START DATA SUPPLIED

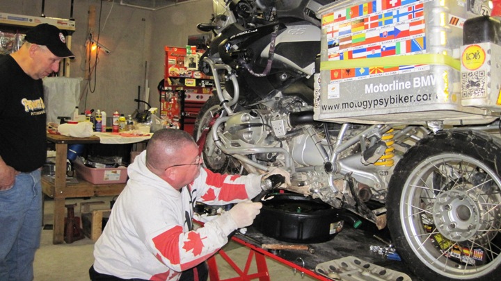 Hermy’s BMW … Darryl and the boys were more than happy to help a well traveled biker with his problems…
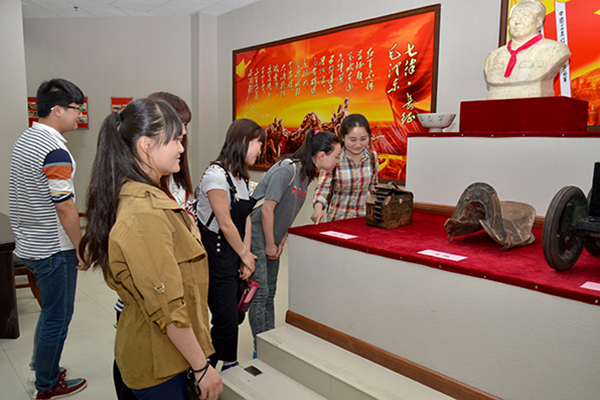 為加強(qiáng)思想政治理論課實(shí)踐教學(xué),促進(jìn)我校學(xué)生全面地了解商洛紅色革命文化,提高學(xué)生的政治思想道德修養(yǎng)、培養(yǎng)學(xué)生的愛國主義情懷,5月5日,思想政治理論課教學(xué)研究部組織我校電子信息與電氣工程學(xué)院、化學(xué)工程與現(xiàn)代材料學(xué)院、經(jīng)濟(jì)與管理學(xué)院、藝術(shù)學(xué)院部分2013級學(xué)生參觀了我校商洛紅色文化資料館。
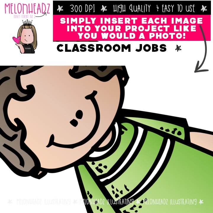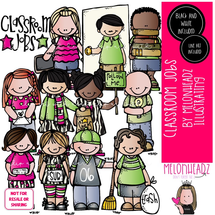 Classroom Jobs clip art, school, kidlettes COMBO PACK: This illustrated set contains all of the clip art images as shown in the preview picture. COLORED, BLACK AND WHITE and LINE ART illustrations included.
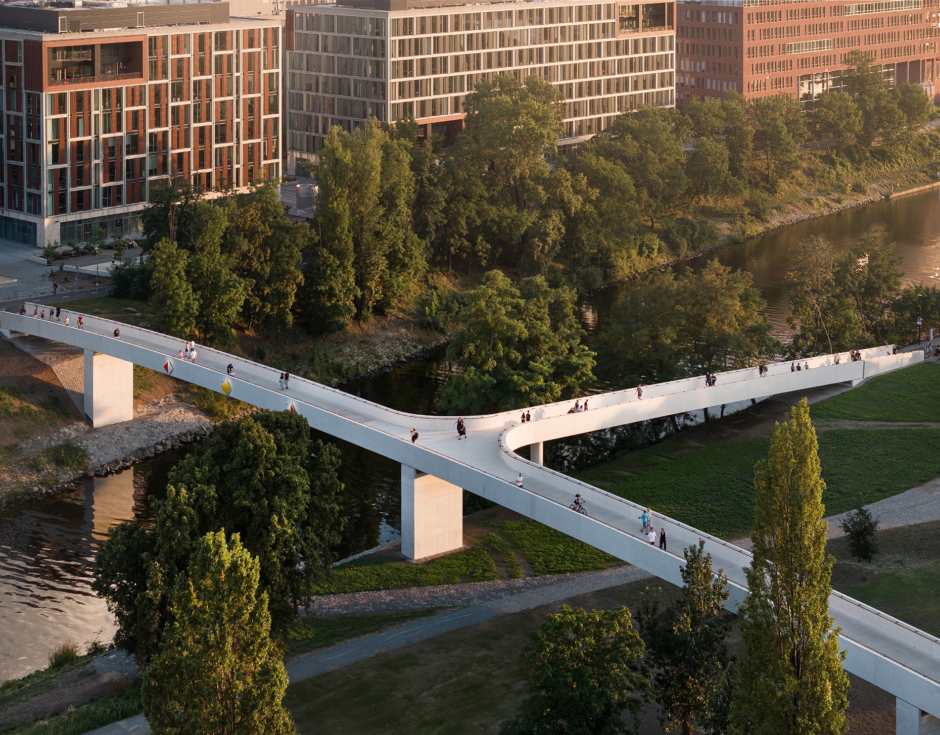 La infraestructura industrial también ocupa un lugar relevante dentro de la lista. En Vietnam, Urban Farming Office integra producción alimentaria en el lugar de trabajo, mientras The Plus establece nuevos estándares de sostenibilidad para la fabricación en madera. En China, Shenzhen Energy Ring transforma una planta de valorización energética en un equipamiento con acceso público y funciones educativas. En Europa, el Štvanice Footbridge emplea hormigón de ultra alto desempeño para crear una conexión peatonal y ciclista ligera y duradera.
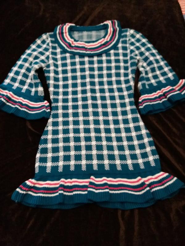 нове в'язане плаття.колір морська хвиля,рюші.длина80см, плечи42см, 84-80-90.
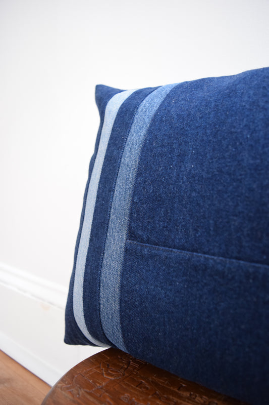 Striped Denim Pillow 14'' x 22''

END DATA SUPPLIED

- _WHAT YOU NEED TO DO_: With the pictures set aside, please write out all of the records above exactly.

- _WORKED SOLUTION_:
 Hermy’s BMW … Darryl and the boys were more than happy to help a well traveled biker with his problems…
 為加強(qiáng)思想政治理論課實(shí)踐教學(xué),促進(jìn)我校學(xué)生全面地了解商洛紅色革命文化,提高學(xué)生的政治思想道德修養(yǎng)、培養(yǎng)學(xué)生的愛國主義情懷,5月5日,思想政治理論課教學(xué)研究部組織我校電子信息與電氣工程學(xué)院、化學(xué)工程與現(xiàn)代材料學(xué)院、經(jīng)濟(jì)與管理學(xué)院、藝術(shù)學(xué)院部分2013級學(xué)生參觀了我校商洛紅色文化資料館。
 Classroom Jobs clip art, school, kidlettes COMBO PACK: This illustrated set contains all of the clip art images as shown in the preview picture. COLORED, BLACK AND WHITE and LINE ART illustrations included.
 La infraestructura industrial también ocupa un lugar relevante dentro de la lista. En Vietnam, Urban Farming Office integra producción alimentaria en el lugar de trabajo, mientras The Plus establece nuevos estándares de sostenibilidad para la fabricación en madera. En China, Shenzhen Energy Ring transforma una planta de valorización energética en un equipamiento con acceso público y funciones educativas. En Europa, el Štvanice Footbridge emplea hormigón de ultra alto desempeño para crear una conexión peatonal y ciclista ligera y duradera.
 нове в'язане плаття.колір морська хвиля,рюші.длина80см, плечи42см, 84-80-90.
 Striped Denim Pillow 14'' x 22''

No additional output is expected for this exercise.